Photo: University of Rochester, by Ktr101, CC BY-SA 3.0 , via Wikimedia Commons.

It seems that not a day passes but an unfortunate academic researcher is caught falsifying data. Recently, Nature published a detailed open-access analysis of scientific misconduct about University of Rochester physicist Ranga Dias. The headline reads: “Exclusive: official investigation reveals how superconductivity physicist faked blockbuster results.” The article remarks, “Ranga Dias was once a rising star in the field of superconductivity research.” Note the past tense. The rest of the article is devoted to the full discrediting of him and his research. 

As I read this Nature article, I thought about how Dias’s ruined reputation was so unnecessary. If only Dias had been more skilled at falsifying data. Dias foolishly helped himself to previous data he had collected and then merely recycled it without passing it through an anti-design-inference filter. Intelligence agencies know all about “agent detection evasion.” Most academics don’t. Thus Dias didn’t even try to cover his tracks. Nature has the smoking gun that cooked his goose. See the image there under the heading “Odd Similarity.”

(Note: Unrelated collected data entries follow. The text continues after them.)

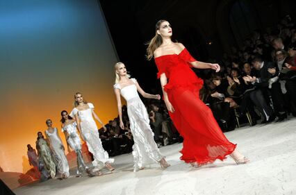 Models walk the runway during the Valentino fashion show as part of Paris Fashion Week Haute Couture Spring/Summer 2006 on January 23, 2006 in Paris, France. (Photo by Michel Dufour/WireImage)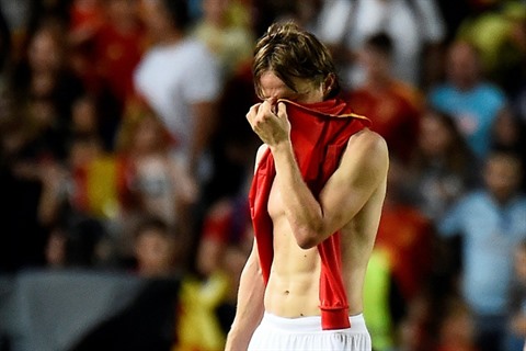 | Le milieu de terrain de la Croatie, Luka Modric, lors de la défaite face à l'Espagne 6-0 en 2e journée de Ligue des nations le 11 septembre. |
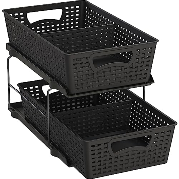 Simple Houseware 2 Tier Bathroom Organizer Tray Pull-Out Sliding Drawer/Under-Sink Storage, Black

The problem with the two graphs is that if you are legitimately doing separate experiments, and especially with different substances (manganese disulfide on the left, germanium tetraselenide on the right), idiosyncrasies in the data should not be replicated in the graphs. The identical little jog in these data at a temperature of 50 degrees Kelvin is a giveaway. Scientists with their heads screwed on straight don’t believe that such coincidences are mere coincidences.

A Final Examination

There’s a joke about two college students taking their final examination side by side. The professor regarded one as the brightest, the other as the dimmest in the class. However, their completed exams revealed an unexpected similarity: both accurately answered all questions except the last one. That similarity was suspicious, but there was no evident plagiarism in the answers and no evident stray eyes from one exam to the other.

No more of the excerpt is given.